Tables¶
Much data comes in tabular format. The table()
and records()
functions help you extract it in convenient ways…either as a list
of lists, or as a list of dictionaries.
>>> text = """
... name age strengths
... ---- --- ---------------
... Joe 12 woodworking
... Jill 12 slingshot
... Meg 13 snark, snapchat
... """
>>> table(text)
[['name', 'age', 'strengths'],
['Joe', 12, 'woodworking'],
['Jill', 12, 'slingshot'],
['Meg', 13, 'snark, snapchat']]
>>> records(text)
[{'name': 'Joe', 'age': 12, 'strengths': 'woodworking'},
{'name': 'Jill', 'age': 12, 'strengths': 'slingshot'},
{'name': 'Meg', 'age': 13, 'strengths': 'snark, snapchat'}]
The table()
function returns a list of lists, while the records()
function uses the table header as keys and returns a list of dictionaries.
table()
and records()
work even if you have a lot of extra fluff:
>>> fancy = """
... +------+-----+-----------------+
... | name | age | strengths |
... +------+-----+-----------------+
... | Joe | 12 | woodworking |
... | Jill | 12 | slingshot |
... | Meg | 13 | snark, snapchat |
... +------+-----+-----------------+
... """
>>> assert table(text) == table(fancy)
>>> assert records(text) == records(fancy)
The parsing algorithm is heuristic, but works well with tables formatted in a variety of conventional ways including Markdown, RST, ANSI/Unicode line drawing characters, plain text columns and borders, …. See the table tests for dozens of samples of formats that work.
What constitutes table columns are contiguous bits of text, without intervening
whitespace.

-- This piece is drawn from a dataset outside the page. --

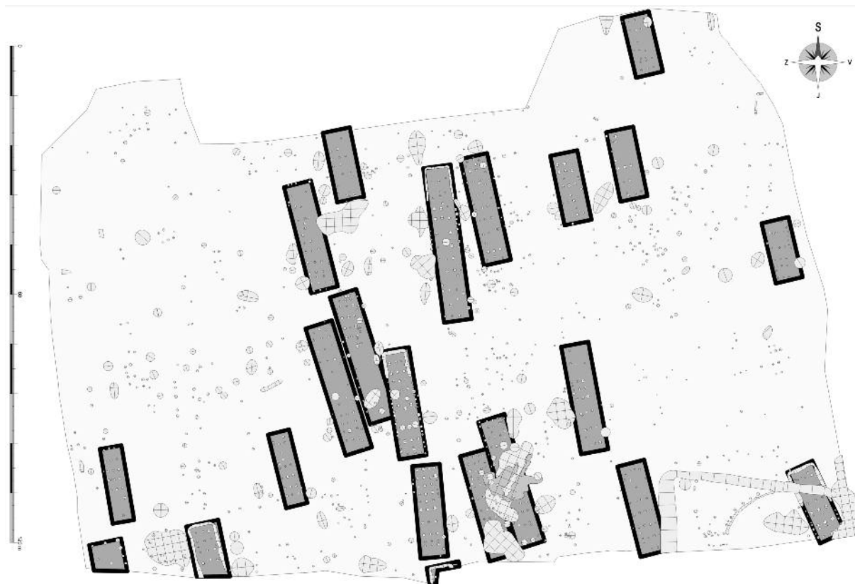
Obr. 2. Brandýs nad Labem, celkový plán výzkumu v roce 2008 se zvýrazněnými stěnami neolitických dlouhých domů (autor: M. Kotek)

Hospodářské jámy nebo podlouhlé příkopy podél stěn domů (tzv. stavební jámy) byly v Brandýse spíše sporadické. V několika případech bylo pozorováno zahlobnutí takových jam do tmavé výplně mrazových klínů, jejichž prostupnost byla zřejmě snazší než pískovcově jílovité podloží místy přecházející ve zvětralou skálu. V jednom případě byly základové jamky sloupů dlouhého domu vysekány přímo do navětralé skály. Relativně malému počtu sídlištních jam také odpovídá nižší počet keramických nálezů, zvířecích kostí a broušené i štípané industrie.

Typographic “rivers” of whitespace define column breaks. For this
reason, it’s recommended that every table column have a separator line, usually
consistng of '-'
, '='
, or Unicode box drawing characters, to control
column width.
If there are '#'
characters in your table data, best to pass
cstrip=False
so that they will not be erroneously interpreted as comments.
Records and Keys¶
Records depends on there being a header row available.
Many tables use natural language headers, such as First Name
and Item Price
.
When retrieving records (dicts), this is not impossible, but it’s often also not
entirely convenient–especially for attribute-accessible dictionary keys. So records()
provides a keyclean
feature that passes each key through a cleanup function.
By default whitespace at the start and end of the key are removed, multiple interior
whitespace characters are collapsed and replaced with underscore characters (_).
You can provide your own custom keyclean function if you like, or None
if you
like your keys as-is.